◆ **Material provided**:
────────────────
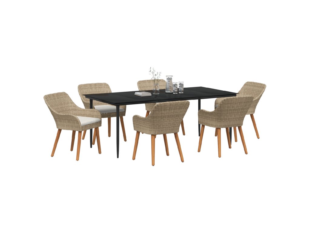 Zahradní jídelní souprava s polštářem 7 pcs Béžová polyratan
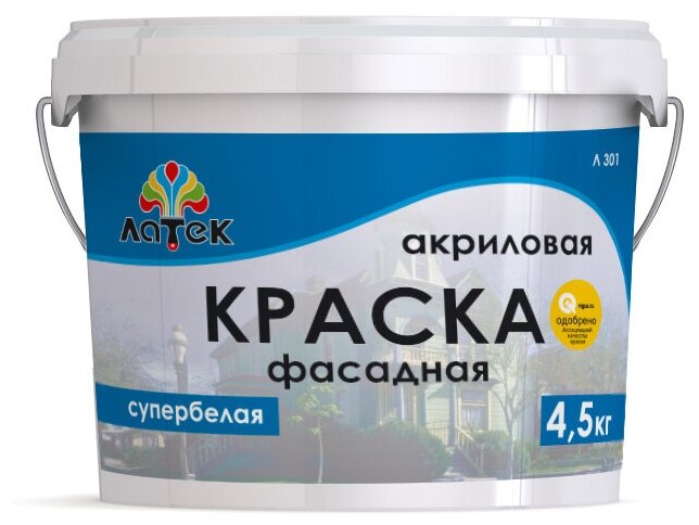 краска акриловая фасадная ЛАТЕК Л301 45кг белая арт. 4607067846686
────────────────
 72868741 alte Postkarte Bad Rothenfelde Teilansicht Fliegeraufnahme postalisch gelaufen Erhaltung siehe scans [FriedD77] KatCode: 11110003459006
────────────────
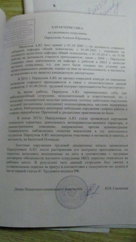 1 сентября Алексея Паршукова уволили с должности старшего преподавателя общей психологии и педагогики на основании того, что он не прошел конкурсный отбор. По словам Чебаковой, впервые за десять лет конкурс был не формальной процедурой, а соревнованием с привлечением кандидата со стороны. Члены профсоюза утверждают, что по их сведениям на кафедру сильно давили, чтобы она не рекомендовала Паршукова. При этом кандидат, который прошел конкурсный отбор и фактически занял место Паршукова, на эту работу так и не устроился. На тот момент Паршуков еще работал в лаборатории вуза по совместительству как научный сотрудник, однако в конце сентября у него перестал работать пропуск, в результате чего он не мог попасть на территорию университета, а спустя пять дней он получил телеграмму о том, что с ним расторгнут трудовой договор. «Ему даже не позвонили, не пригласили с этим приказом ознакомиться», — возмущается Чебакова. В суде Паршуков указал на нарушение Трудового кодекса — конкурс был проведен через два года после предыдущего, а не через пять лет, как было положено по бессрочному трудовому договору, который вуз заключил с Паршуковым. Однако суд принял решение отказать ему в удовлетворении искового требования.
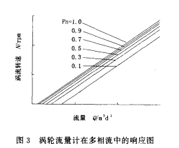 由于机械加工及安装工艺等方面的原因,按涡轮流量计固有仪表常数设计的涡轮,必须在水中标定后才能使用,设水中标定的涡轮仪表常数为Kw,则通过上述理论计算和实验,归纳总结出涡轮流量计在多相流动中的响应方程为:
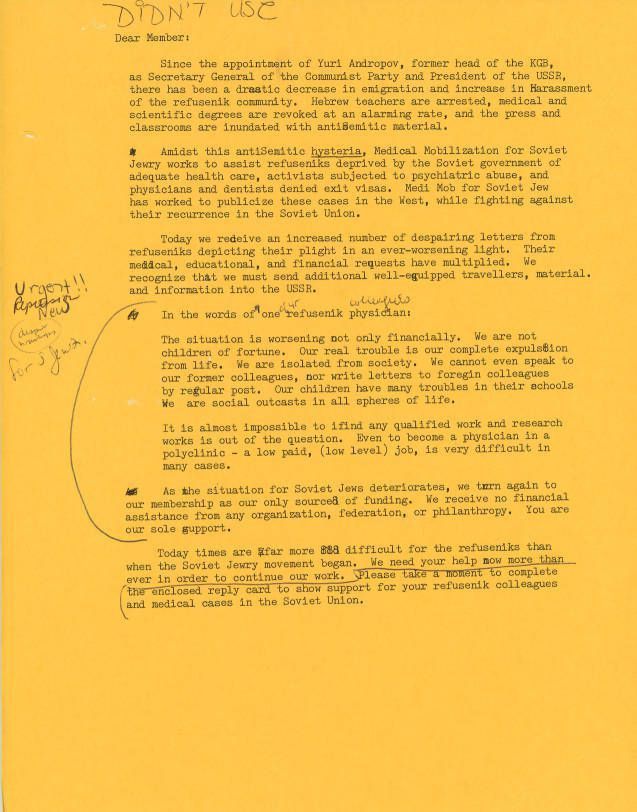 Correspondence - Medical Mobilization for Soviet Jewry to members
────────────────
From the records above, quote word for word only the lines beginning at the line that has "Zahradní jídelní souprava" and stopping after the line that has "краска акриловая фасадная". Omit the pictures.

 Zahradní jídelní souprava s polštářem 7 pcs Béžová polyratan
 краска акриловая фасадная ЛАТЕК Л301 45кг белая арт. 4607067846686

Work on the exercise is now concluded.